In this exercise we are going to explore different classification algorithms, validation techniques and performance metrics. For that purpose, a new version of the data set is used. The number of samples is decreased even further and the labels are reduced to two classes to facilitate the comparison between the different classification algorithms. Study and run the code provided in the following cell.

In [None]:
n_samples2 = 700
n_attributes2 = 54
df_features2 = pd.DataFrame(features[:n_samples2, :n_attributes2])

labels2 = [1 if value==2 else 0 for value in labels]
df_labels2 = pd.DataFrame({'label': labels2[:n_samples2]})

print("No. of attributes = " + str(len(df_features2.columns)))
print("No. of classes = " + str(len(np.unique(labels2))))
print("No. of samples = " + str(len(df_features2)))
print("\--No. of samples class 0 = " + 
      str(df_labels2[df_labels2==0].count()['label']))
print("\--No. of samples class 1 = " + 
      str(df_labels2[df_labels2==1].count()['label']))

**2.a) (1.5 POINTS) Train the following classifiers, implemented in _scikit-learn_, by using 80% of the available data (training set) and report the training time for each of them (_timeit_ python module):**

- **k Nearest Neighbors: 5 neighbours (first parameter).**

- **Linear SVM: kernel=”rbf”, C=25, and the default values for the remaining parameters.**

- **Decision Tree: criterion='entropy' max_depth=5, and the default values for the remaining parameters.**

- **AdaBoost: default parameters.**

- **Gaussian Naive Bayes: default parameters.**

https://scikit-learn.org/stable/modules/generated/sklearn.neighbors.KNeighborsClassifier.html

https://scikit-learn.org/stable/modules/generated/sklearn.svm.SVC.html

https://scikit-learn.org/stable/modules/generated/sklearn.tree.DecisionTreeClassifier.html

https://scikit-learn.org/stable/modules/generated/sklearn.ensemble.AdaBoostClassifier.html

https://scikit-learn.org/stable/modules/generated/sklearn.naive_bayes.GaussianNB.html

In [None]:
# Exercise 2.a: add and run your source code

Exercise 2.a: Double-click (or enter) to add your answer.

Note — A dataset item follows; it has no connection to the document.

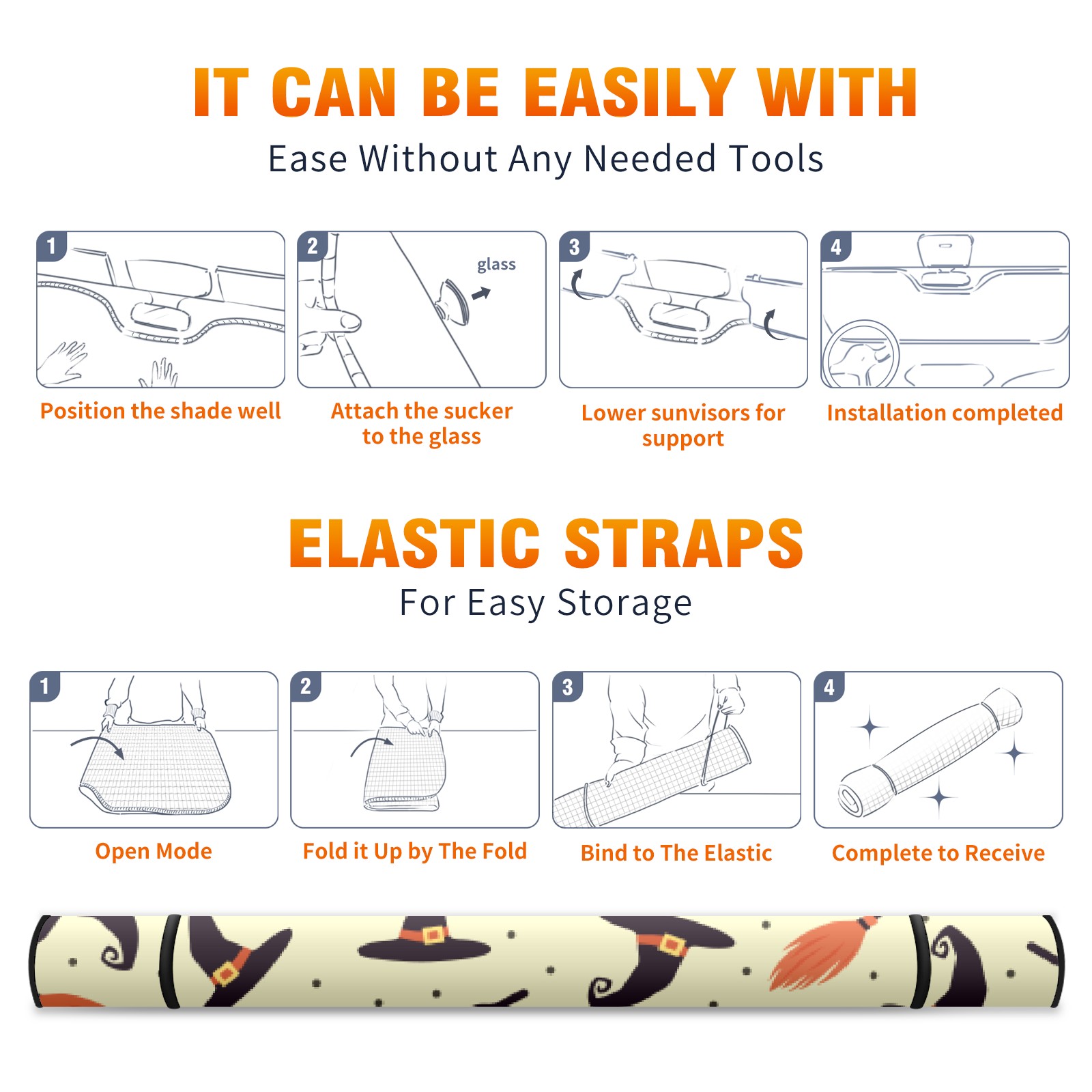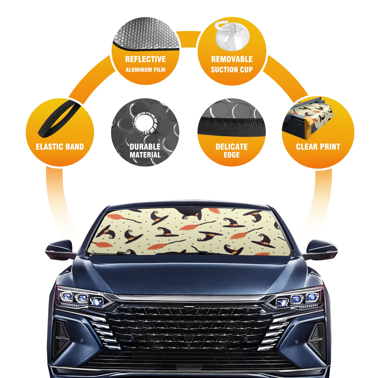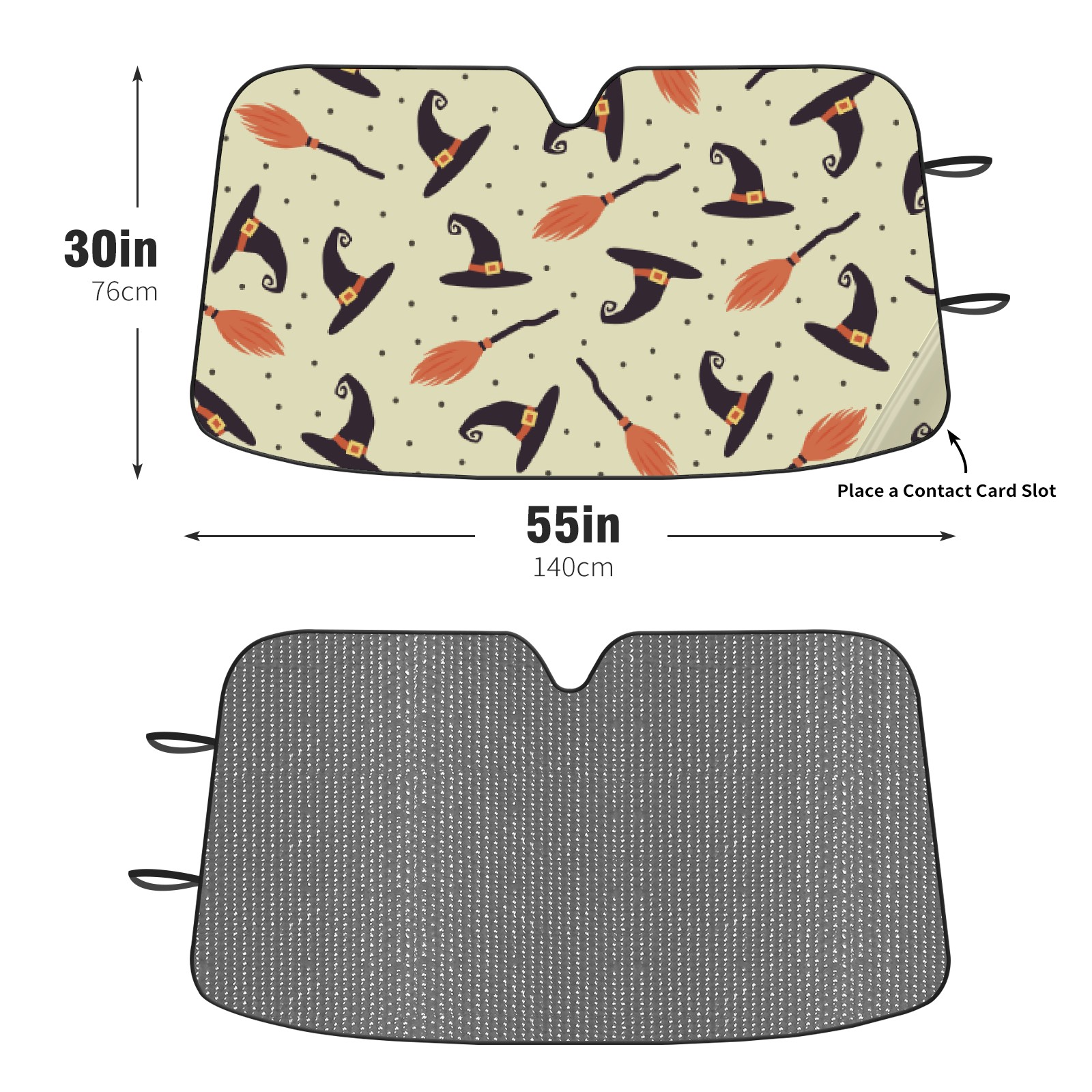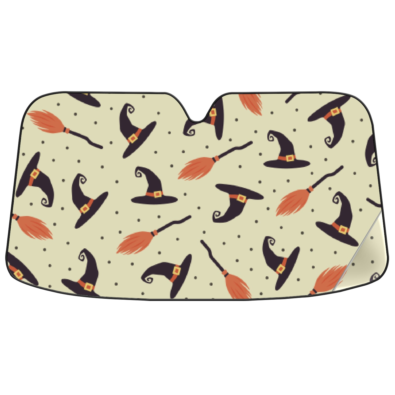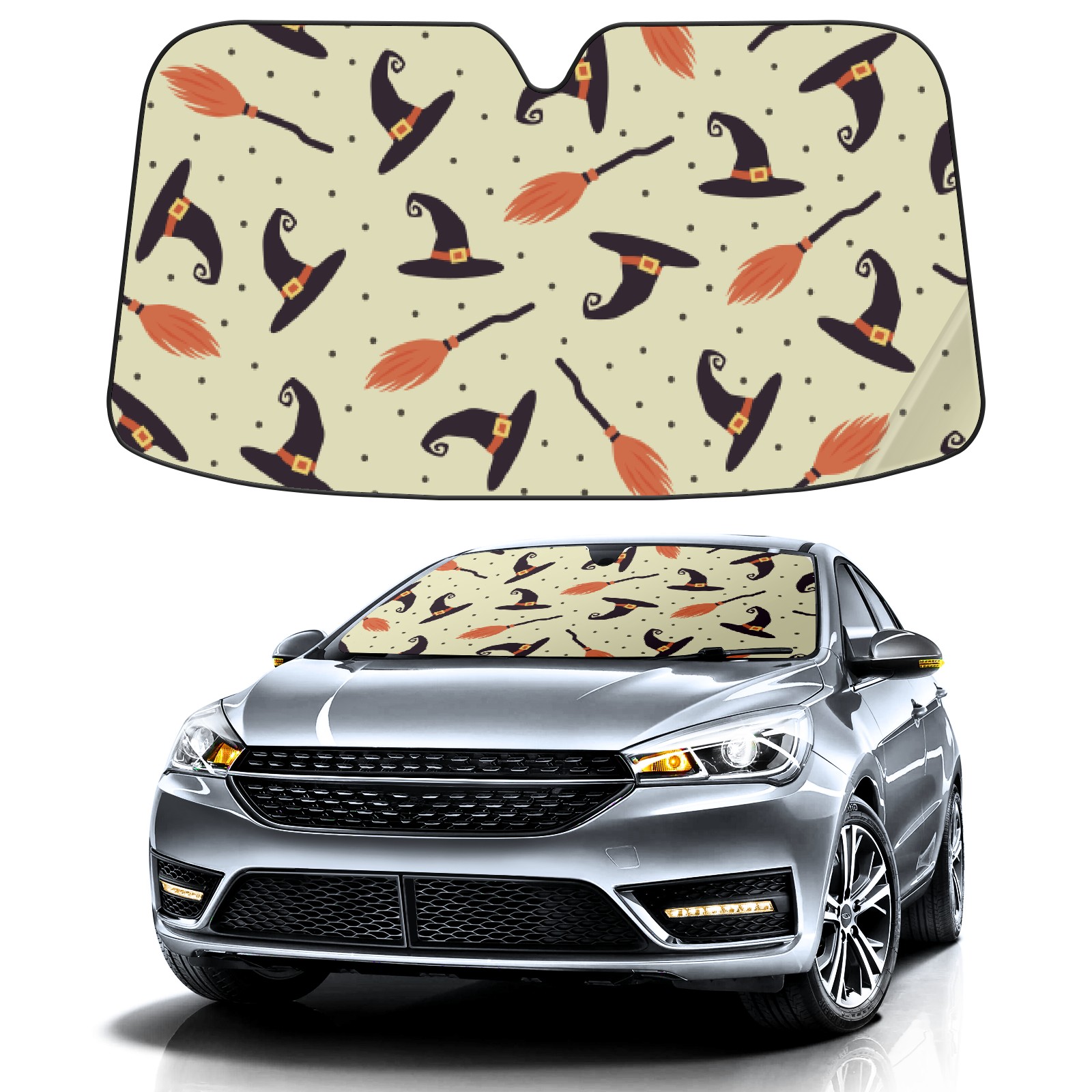Car Windshield Sun Shade For Front Window Halloween Hat Brooms Candy Foldable Vehicle Windshield Car Sun Visor Covers Automotive Window Protector Car Camping Privacy Sun Blocker

**2.b) (1 POINT) Testing the performance of the classifiers trained in Exercise 2.a.**

**Plot in a single figure/axis all the ROC curves for the trained classifiers by using the remaining samples (20% test set). Discuss the results and compare the performance of the different algorithms. Which one would be your choice for the given task?**

https://scikit-learn.org/stable/modules/generated/sklearn.metrics.plot_roc_curve.html

In [None]:
# Exercise 2.b: add and run your source code

Exercise 2.b: Double-click (or enter) to add your answer.

**2.c) (1.5 POINTS) Train and validate the same classifiers described in Exercise 2.a by using-cross-validation with k=5 on the whole reduced dataset.Report accuracy, precision, recall, F1-score and ROC-AUC for each classifier and discuss the results.**

https://scikit-learn.org/stable/modules/generated/sklearn.model_selection.cross_validate.html

**Hint: Use sklearn.model_selection.RepeatedStratifiedKFold (with parameters *n_repeats*=1 and _random_state_=1) as the _cv_ parameter of _cross_validate_ to create identical splits to validate all classifiers.**

https://scikit-learn.org/stable/modules/generated/sklearn.model_selection.RepeatedStratifiedKFold.html

In [None]:
# Exercise 2.c: add and run your source code

Exercise 2.c: Double-click (or enter) to add your answer.